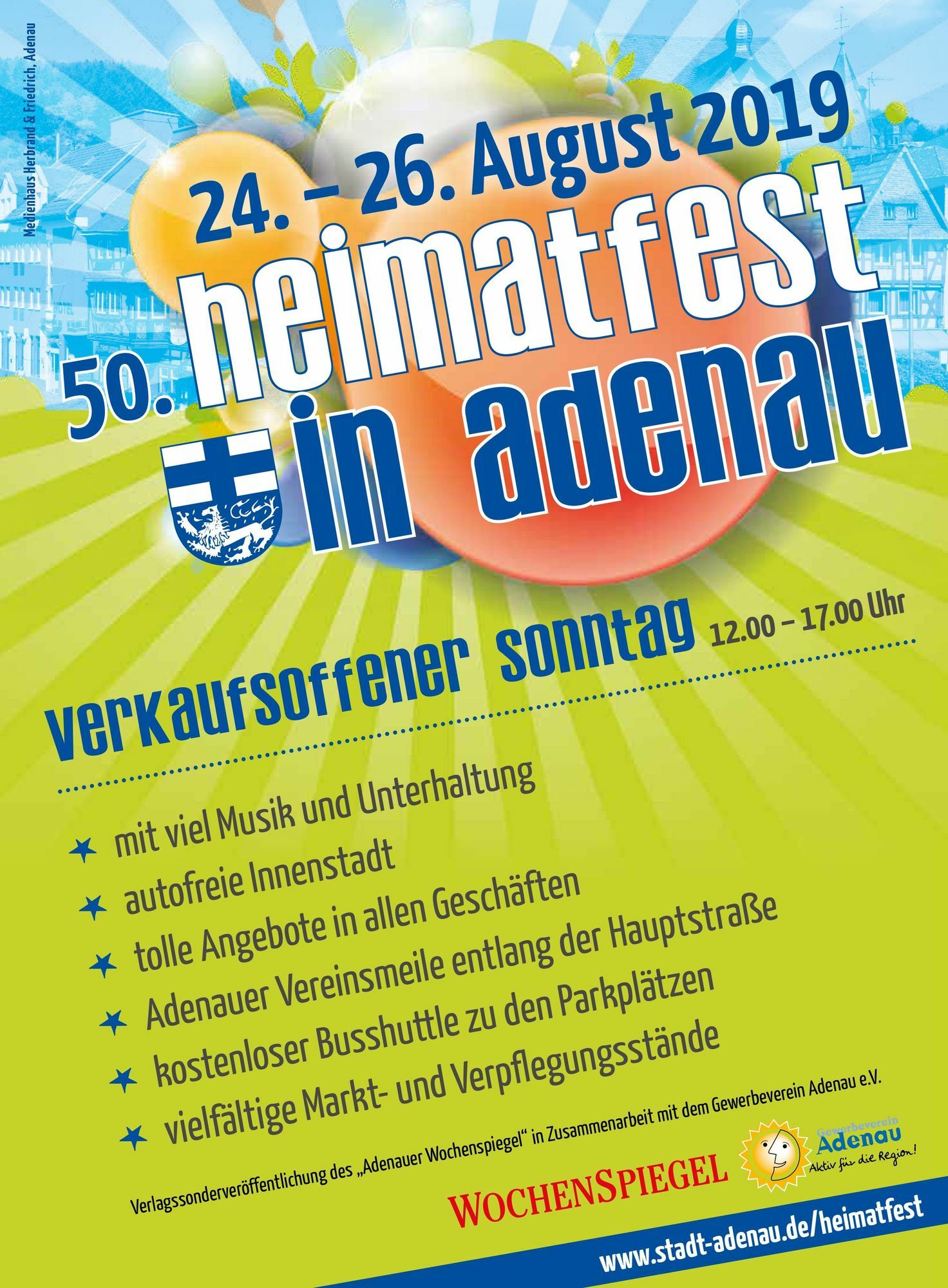 Der Adenauer Einzelhandel präsentiert sich zum 50. Heimatfest mit einem verkaufsoffener Sonntag. Der Kirmesrummel und ein attraktives Bühnenprogramm werden wieder weitere Publikumsmagnete sein.
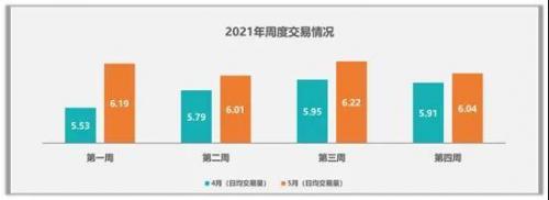 5月第四周日均交易量6.04万辆,环比上一周下降2.9%,与4月第四周相比增长2.1%。进入5月份后期,消费需求和进店集客都有所下降。回顾前三周交易情况五一长假后的第一周日均交易量6.19万辆,环比增长了4.88%,5月实现开门红,第二周小幅回落至6.01万辆,环比下降了3%,第三周还比增长了3.5%,可以看出本月前三周终端消费需求热情度较高,加上5.1期间各地车展置换出的大批车源在市场中流通,给本月持续向上的增长趋势提供保障。
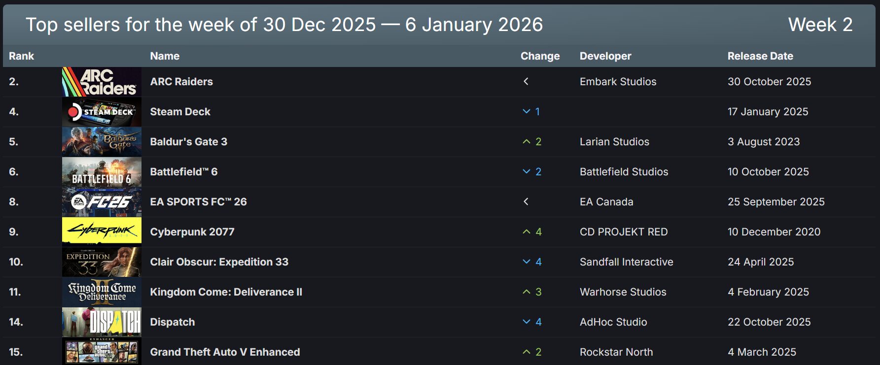 根據 SteamDB 公布的最新數據,2025 年 12 月 23 日至 12 月 30 日的 Steam 全球每週銷量排行榜已經出爐。 本週 Steam 銷量排行榜榜首依舊由 Embark Studios 打造的 PvPvE 撤離射擊作品《ARC Raiders》穩穩坐鎮。自上市以來,遊戲的玩家活躍度始終維持在高檔水準,社群討論熱度也居高不下,無論是實際遊玩人數還是話題聲量,都展現出難以撼動的人氣基礎,持續鞏固其榜首地位。 第二名則再次由 Valve 自家掌機 Steam Deck 拿下。即便上市已一段時間,這款掌上型 PC 仍維持穩定的銷售表現,長期佔據排行榜前段班,再次證明其在硬體市場中的耐久吸引力。 排名第三的,則是曾榮獲 TGA 年度遊戲、並曾長期稱霸榜首的 RPG 神作《柏德之門 3》。即使發售已久,本作依然展現出強勁的市場生命力,持續吸引新舊玩家回流,顯示其經典地位依舊難以撼動。 第四名由 EA 旗下老牌 FPS 系列最新作《戰地風雲 6》拿下。該作自推出以來便持續交出穩定銷量成績,本週同樣穩居排行榜前段班,成功吸引大量系列老玩家與新血回歸戰場。 至於第五名,則由 EA 長年熱門的運動足球系列最新作《EA SPORTS FC™ 26》入榜,延續系列一貫的高人氣與銷售動能,持續在競技運動類型中保持強勢存在感。

* * * * * * *

WHAT YOU HAVE TO DO: Copy out the listing above in full and keep the pictures out.

EXERCISE SOLUTION:
 Der Adenauer Einzelhandel präsentiert sich zum 50. Heimatfest mit einem verkaufsoffener Sonntag. Der Kirmesrummel und ein attraktives Bühnenprogramm werden wieder weitere Publikumsmagnete sein.
 5月第四周日均交易量6.04万辆,环比上一周下降2.9%,与4月第四周相比增长2.1%。进入5月份后期,消费需求和进店集客都有所下降。回顾前三周交易情况五一长假后的第一周日均交易量6.19万辆,环比增长了4.88%,5月实现开门红,第二周小幅回落至6.01万辆,环比下降了3%,第三周还比增长了3.5%,可以看出本月前三周终端消费需求热情度较高,加上5.1期间各地车展置换出的大批车源在市场中流通,给本月持续向上的增长趋势提供保障。
 根據 SteamDB 公布的最新數據,2025 年 12 月 23 日至 12 月 30 日的 Steam 全球每週銷量排行榜已經出爐。 本週 Steam 銷量排行榜榜首依舊由 Embark Studios 打造的 PvPvE 撤離射擊作品《ARC Raiders》穩穩坐鎮。自上市以來,遊戲的玩家活躍度始終維持在高檔水準,社群討論熱度也居高不下,無論是實際遊玩人數還是話題聲量,都展現出難以撼動的人氣基礎,持續鞏固其榜首地位。 第二名則再次由 Valve 自家掌機 Steam Deck 拿下。即便上市已一段時間,這款掌上型 PC 仍維持穩定的銷售表現,長期佔據排行榜前段班,再次證明其在硬體市場中的耐久吸引力。 排名第三的,則是曾榮獲 TGA 年度遊戲、並曾長期稱霸榜首的 RPG 神作《柏德之門 3》。即使發售已久,本作依然展現出強勁的市場生命力,持續吸引新舊玩家回流,顯示其經典地位依舊難以撼動。 第四名由 EA 旗下老牌 FPS 系列最新作《戰地風雲 6》拿下。該作自推出以來便持續交出穩定銷量成績,本週同樣穩居排行榜前段班,成功吸引大量系列老玩家與新血回歸戰場。 至於第五名,則由 EA 長年熱門的運動足球系列最新作《EA SPORTS FC™ 26》入榜,延續系列一貫的高人氣與銷售動能,持續在競技運動類型中保持強勢存在感。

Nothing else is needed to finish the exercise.